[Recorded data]
+++++

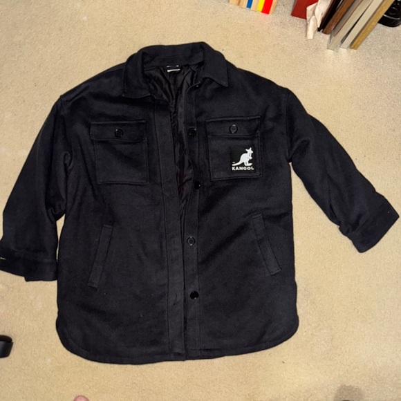 Textured black jacket/Shacket Kangol X H&M. Comfortable and stylish design. Very oversized could easily fit an XL. Minimally worn.
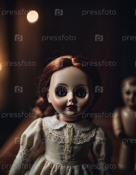 Тревожная кукла с темными глазами и рыжими волосами привлекает внимание в темной среде с мягким рассеянным освещением, отражающим жуткую атмосферу. Страшная кукла для ужасов и Хэллоуина. ИИ
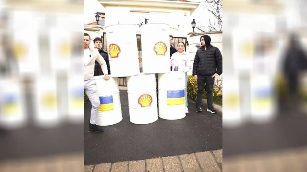 A csoport néhány üres olajos hordóval érkezett Kapitány házához. A hordók egyik oldalán a tiszás szakértő korábbi munkahelyének logója, a másikon pedig az ukrán zászló volt látható.
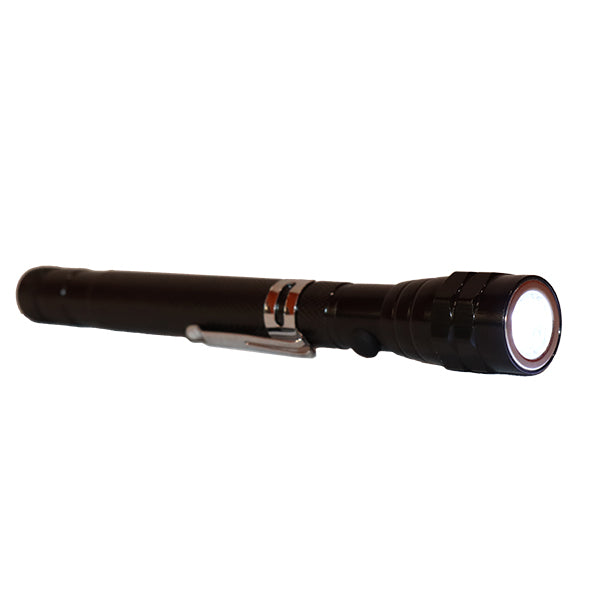 Brillante linterna LED que la hace una gran herramienta para trabajo en el hogar y automóviles. La herramienta magnética y la potente luz hacen que, recoger objetos metálicos de difícil acceso, sea mucho más fácil. Diseño de antena retráctil perfecto para pequeñas esquinas.
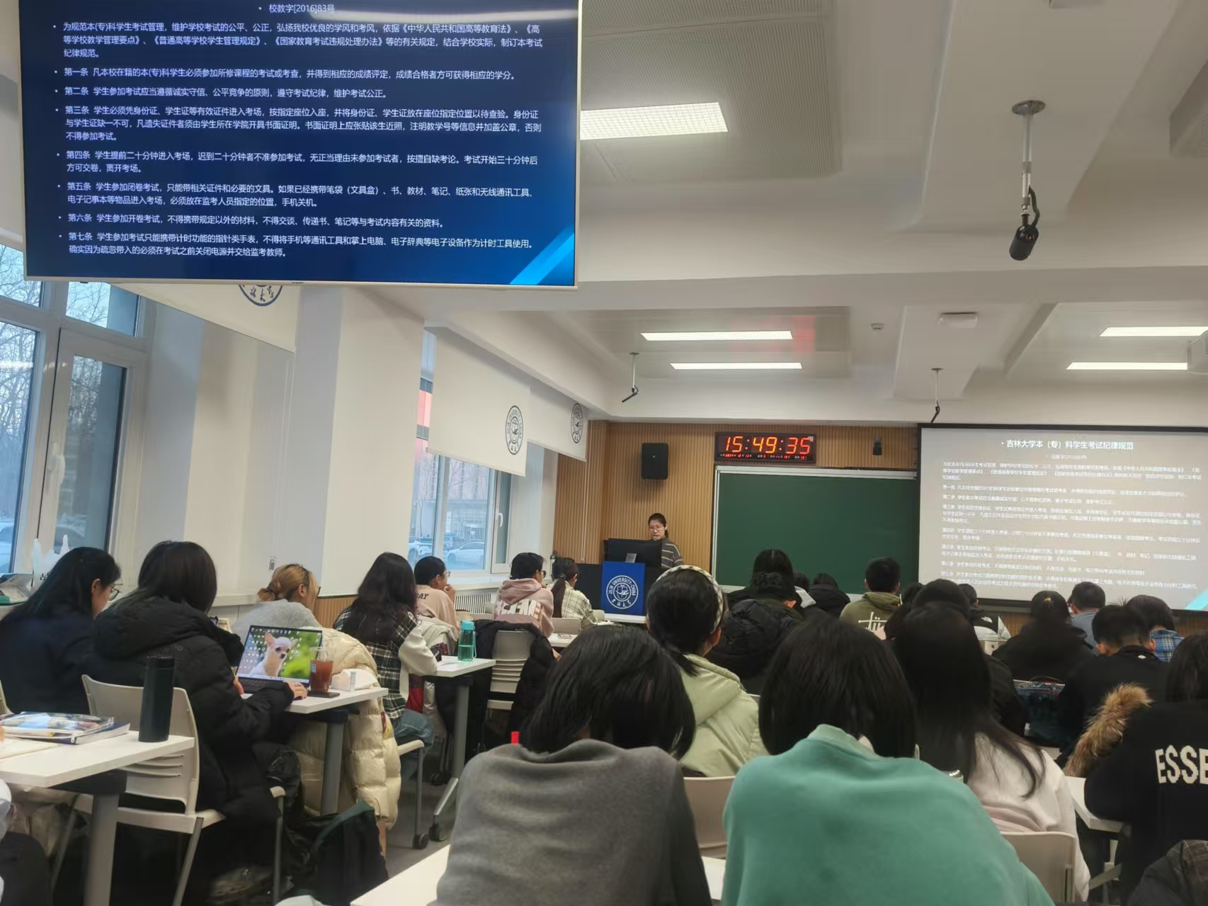 马老师详细解读了关于考试纪律的规定和相关法律法规,以警示案例强化学生对考试纪律的认识,明确考试作弊的严重后果,并反复叮嘱同学们认真复习,诚信考试,切勿以身试法,追悔莫及。

+++++

## About this task
Only the records, copied exactly and free of pictures, belong in the answer.

## Result for this task
 Textured black jacket/Shacket Kangol X H&M. Comfortable and stylish design. Very oversized could easily fit an XL. Minimally worn.
 Тревожная кукла с темными глазами и рыжими волосами привлекает внимание в темной среде с мягким рассеянным освещением, отражающим жуткую атмосферу. Страшная кукла для ужасов и Хэллоуина. ИИ
 A csoport néhány üres olajos hordóval érkezett Kapitány házához. A hordók egyik oldalán a tiszás szakértő korábbi munkahelyének logója, a másikon pedig az ukrán zászló volt látható.
 Brillante linterna LED que la hace una gran herramienta para trabajo en el hogar y automóviles. La herramienta magnética y la potente luz hacen que, recoger objetos metálicos de difícil acceso, sea mucho más fácil. Diseño de antena retráctil perfecto para pequeñas esquinas.
 马老师详细解读了关于考试纪律的规定和相关法律法规,以警示案例强化学生对考试纪律的认识,明确考试作弊的严重后果,并反复叮嘱同学们认真复习,诚信考试,切勿以身试法,追悔莫及。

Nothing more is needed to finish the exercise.